»»

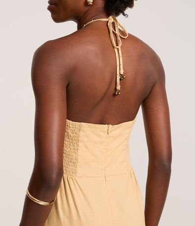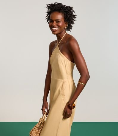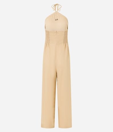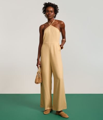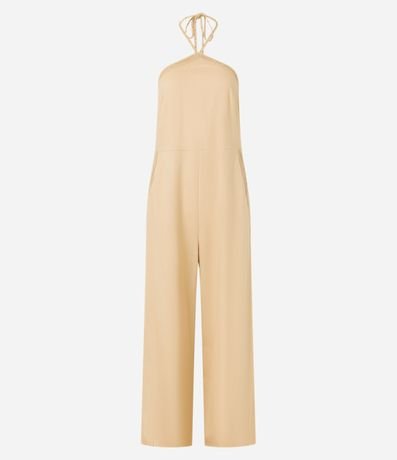 Ref: Macacão pantalona com decote halter, amarração no pescoço, lastex nas laterais e fechamento por zíper nas costas.
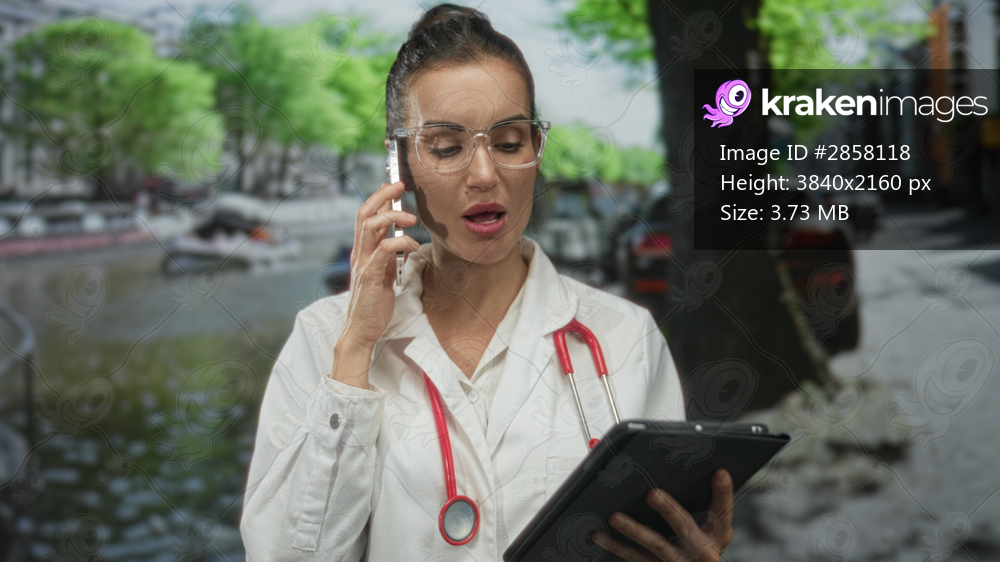 Woman doctor with stethoscope and glasses holds phone to ear while reading tablet on street by canal; professionalism.
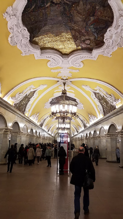 mosaics, the station is a mix between Stalinist Art Deco and the post war look of
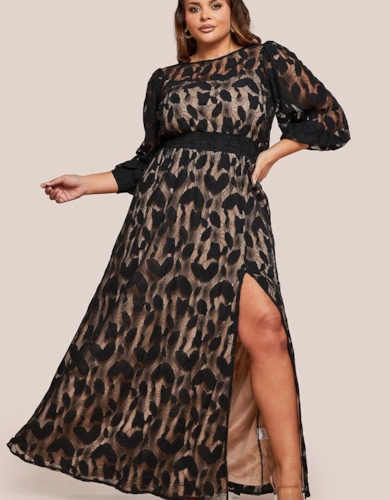 Amelia Graham Burnout Split Woven Prom Strappy Maxi Dress
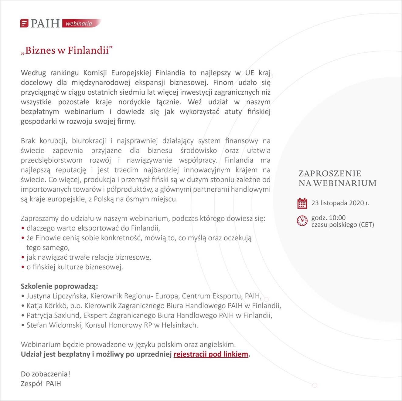 PAIH: Bezpłatne webinarium – „Biznes w FINLANDII”

««

What to work on: In the copy, include exactly the lines from the one with "mosaics, the station" through the final line of the data, both ends included, and no pictures.

Response area:
 mosaics, the station is a mix between Stalinist Art Deco and the post war look of
 Amelia Graham Burnout Split Woven Prom Strappy Maxi Dress
 PAIH: Bezpłatne webinarium – „Biznes w FINLANDII”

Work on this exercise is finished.